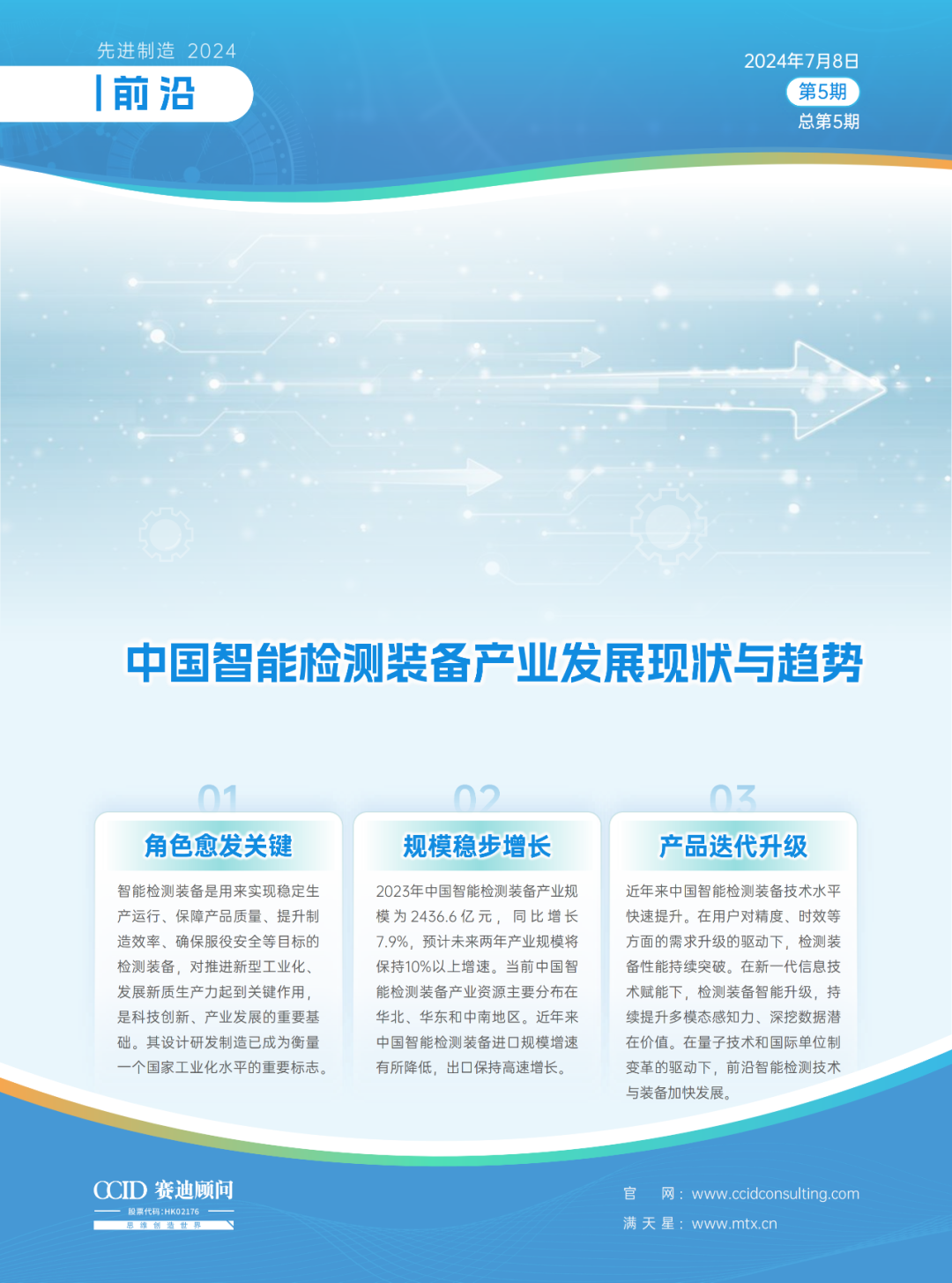 2023年中國(guó)智能檢測(cè)裝備產(chǎn)業(yè)規(guī)模為2436.6億元,較上年增長(zhǎng)7.9%。受?chē)?guó)家推進(jìn)新型工業(yè)化、發(fā)展新質(zhì)生產(chǎn)力、加快工業(yè)設(shè)備更新等利好政策影響,預(yù)計(jì)未來(lái)幾年將持續(xù)保持10%以上的增速,2025年整體產(chǎn)業(yè)規(guī)模將突破3000億元。隨著智能制造深入推進(jìn),智能檢測(cè)裝備需求日益增加,新技術(shù)新產(chǎn)品競(jìng)相涌現(xiàn),產(chǎn)業(yè)呈現(xiàn)快速發(fā)展勢(shì)頭。總體來(lái)看中國(guó)智能檢測(cè)裝備產(chǎn)業(yè)仍存在技術(shù)基礎(chǔ)薄弱、創(chuàng)新能力不強(qiáng)、高端供給不足、產(chǎn)業(yè)體系不完善和應(yīng)用生態(tài)不健全等問(wèn)題,已成為智能制造深入發(fā)展的關(guān)鍵短板和重要制約。黨的二十屆三中全會(huì)公報(bào)指出,高質(zhì)量發(fā)展是全面建設(shè)社會(huì)主義現(xiàn)代化國(guó)家的首要任務(wù)。推進(jìn)智能檢測(cè)裝備發(fā)展是產(chǎn)業(yè)基礎(chǔ)高級(jí)化的重要領(lǐng)域,對(duì)推進(jìn)產(chǎn)業(yè)實(shí)現(xiàn)歷史性變革、系統(tǒng)性重塑、整體性重構(gòu)具有重要價(jià)值。工信部等部門(mén)出臺(tái)的《智能檢測(cè)裝備產(chǎn)業(yè)發(fā)展行動(dòng)計(jì)劃(2023-2025年)》等一系列政策,提出了“到2025年,智能檢測(cè)技術(shù)基本滿(mǎn)足用戶(hù)領(lǐng)域制造工藝需求,核心零部件、專(zhuān)用軟件和整機(jī)裝備供給能力顯著提升,重點(diǎn)領(lǐng)域智能檢測(cè)裝備示范帶動(dòng)和規(guī)模應(yīng)用成效明顯,產(chǎn)業(yè)生態(tài)初步形成“等發(fā)展目標(biāo)。
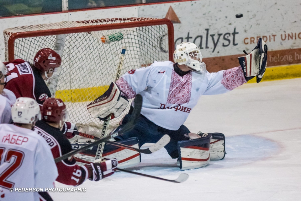 Прізвища гравців на фуфайках були нанесені кирилицею, як і назва міста – “Давфин” (зі специфікою канадської української).
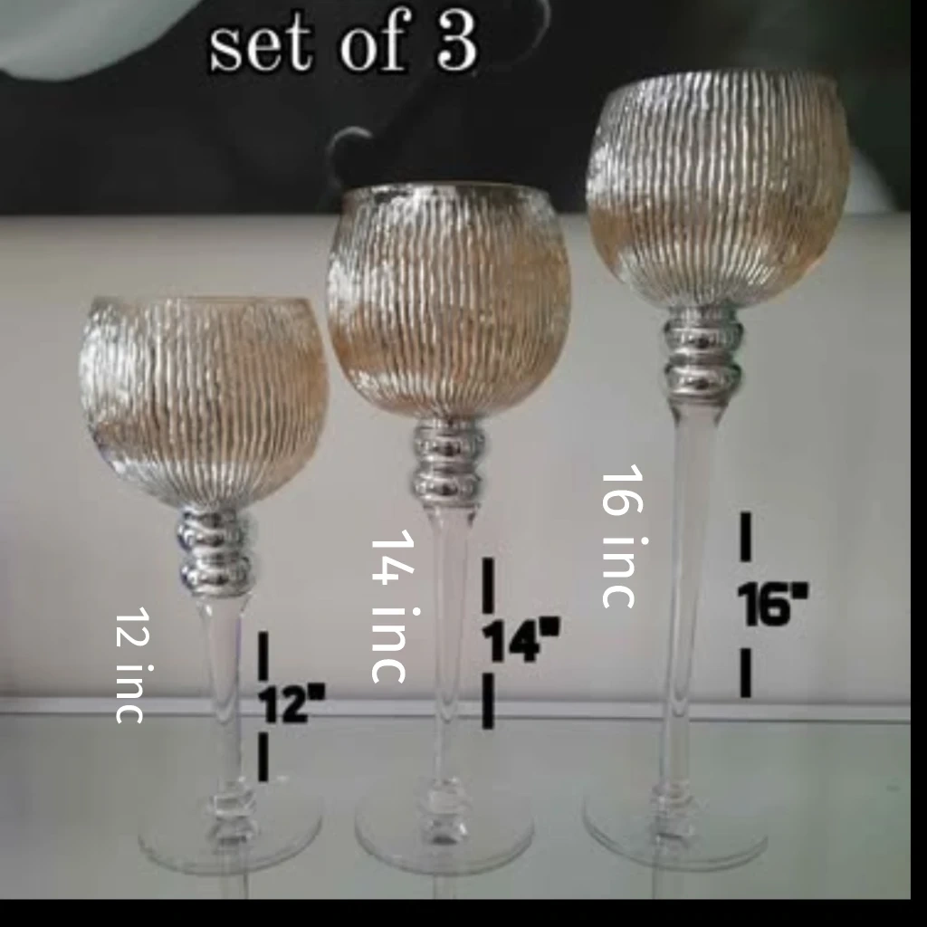 Selling a set of three elegant gold glass candle holders! They come in varying heights: 12 inches, 14 inches, and 16 inches. Perfect for adding a touch of sophistication to any room
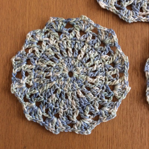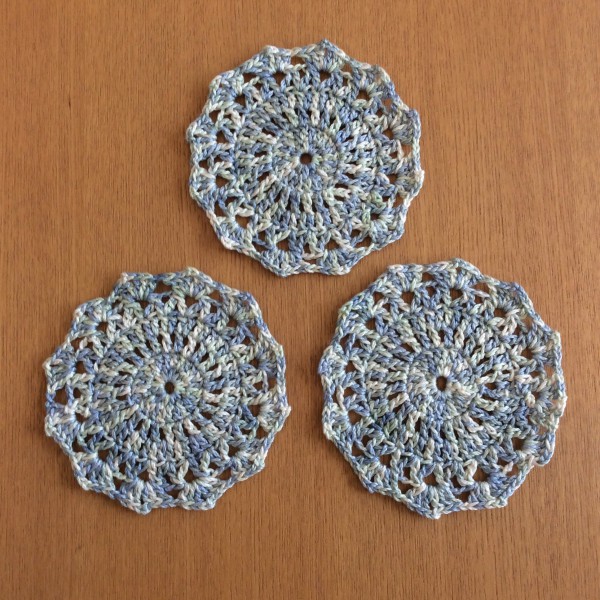 白、緑、青、三色グラデーション糸で編んだコースター。
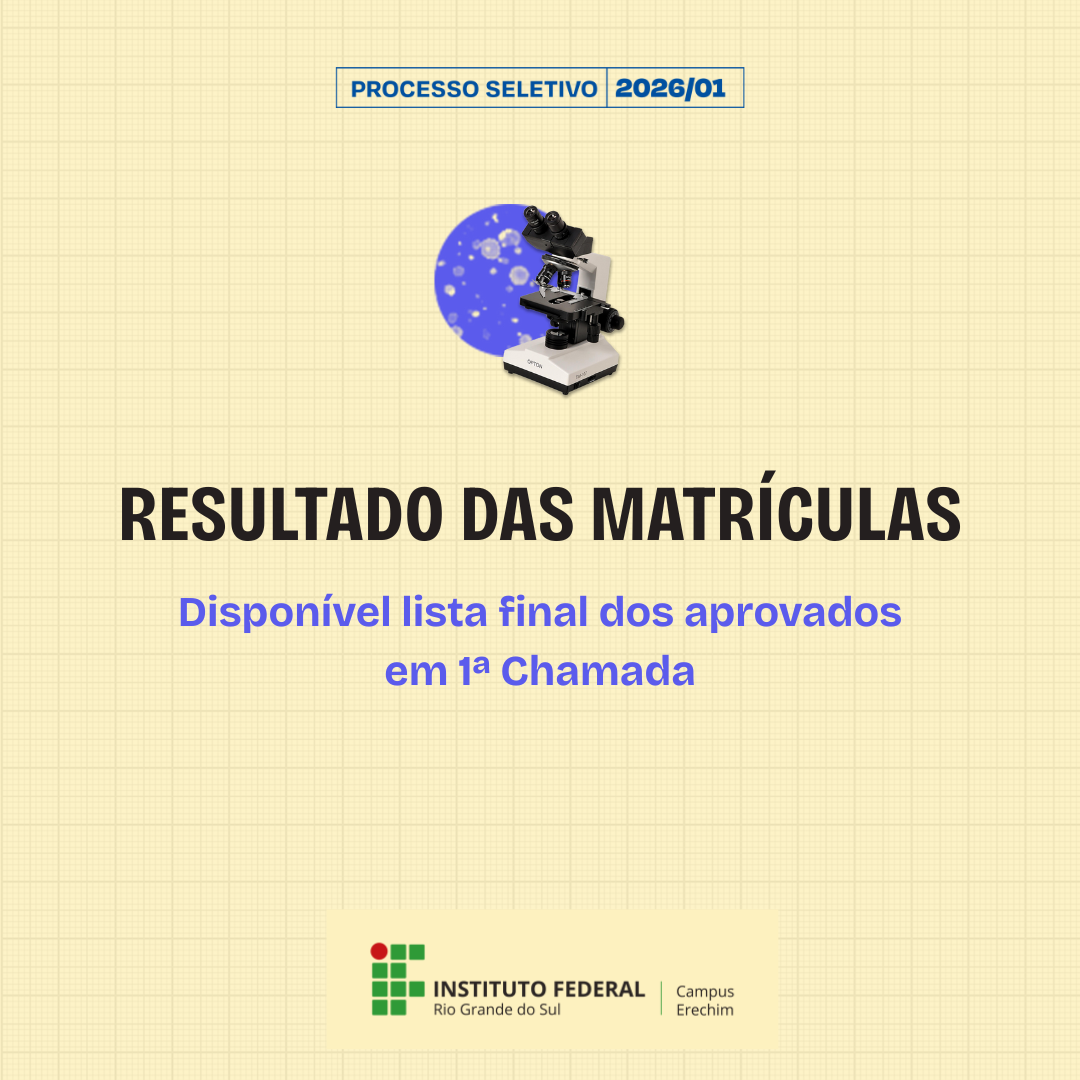 Nesta quinta-feira, dia 22 de janeiro, foram publicados, no site ingresso.ifrs.edu.br, os resultados finais das matrículas em Primeira Chamada (Sorteio e Prova) do Processo Seletivo de Estudantes 2026/1 do Campus Erechim do Instituto Federal de Educação, Ciência e Tecnologia do Rio Grande do Sul (IFRS).

|---|

- **What is being asked**: Omitting all images, retype each line of the records precisely.

- **Reply**:
 2023年中國(guó)智能檢測(cè)裝備產(chǎn)業(yè)規(guī)模為2436.6億元,較上年增長(zhǎng)7.9%。受?chē)?guó)家推進(jìn)新型工業(yè)化、發(fā)展新質(zhì)生產(chǎn)力、加快工業(yè)設(shè)備更新等利好政策影響,預(yù)計(jì)未來(lái)幾年將持續(xù)保持10%以上的增速,2025年整體產(chǎn)業(yè)規(guī)模將突破3000億元。隨著智能制造深入推進(jìn),智能檢測(cè)裝備需求日益增加,新技術(shù)新產(chǎn)品競(jìng)相涌現(xiàn),產(chǎn)業(yè)呈現(xiàn)快速發(fā)展勢(shì)頭。總體來(lái)看中國(guó)智能檢測(cè)裝備產(chǎn)業(yè)仍存在技術(shù)基礎(chǔ)薄弱、創(chuàng)新能力不強(qiáng)、高端供給不足、產(chǎn)業(yè)體系不完善和應(yīng)用生態(tài)不健全等問(wèn)題,已成為智能制造深入發(fā)展的關(guān)鍵短板和重要制約。黨的二十屆三中全會(huì)公報(bào)指出,高質(zhì)量發(fā)展是全面建設(shè)社會(huì)主義現(xiàn)代化國(guó)家的首要任務(wù)。推進(jìn)智能檢測(cè)裝備發(fā)展是產(chǎn)業(yè)基礎(chǔ)高級(jí)化的重要領(lǐng)域,對(duì)推進(jìn)產(chǎn)業(yè)實(shí)現(xiàn)歷史性變革、系統(tǒng)性重塑、整體性重構(gòu)具有重要價(jià)值。工信部等部門(mén)出臺(tái)的《智能檢測(cè)裝備產(chǎn)業(yè)發(fā)展行動(dòng)計(jì)劃(2023-2025年)》等一系列政策,提出了“到2025年,智能檢測(cè)技術(shù)基本滿(mǎn)足用戶(hù)領(lǐng)域制造工藝需求,核心零部件、專(zhuān)用軟件和整機(jī)裝備供給能力顯著提升,重點(diǎn)領(lǐng)域智能檢測(cè)裝備示范帶動(dòng)和規(guī)模應(yīng)用成效明顯,產(chǎn)業(yè)生態(tài)初步形成“等發(fā)展目標(biāo)。
 Прізвища гравців на фуфайках були нанесені кирилицею, як і назва міста – “Давфин” (зі специфікою канадської української).
 Selling a set of three elegant gold glass candle holders! They come in varying heights: 12 inches, 14 inches, and 16 inches. Perfect for adding a touch of sophistication to any room
 白、緑、青、三色グラデーション糸で編んだコースター。
 Nesta quinta-feira, dia 22 de janeiro, foram publicados, no site ingresso.ifrs.edu.br, os resultados finais das matrículas em Primeira Chamada (Sorteio e Prova) do Processo Seletivo de Estudantes 2026/1 do Campus Erechim do Instituto Federal de Educação, Ciência e Tecnologia do Rio Grande do Sul (IFRS).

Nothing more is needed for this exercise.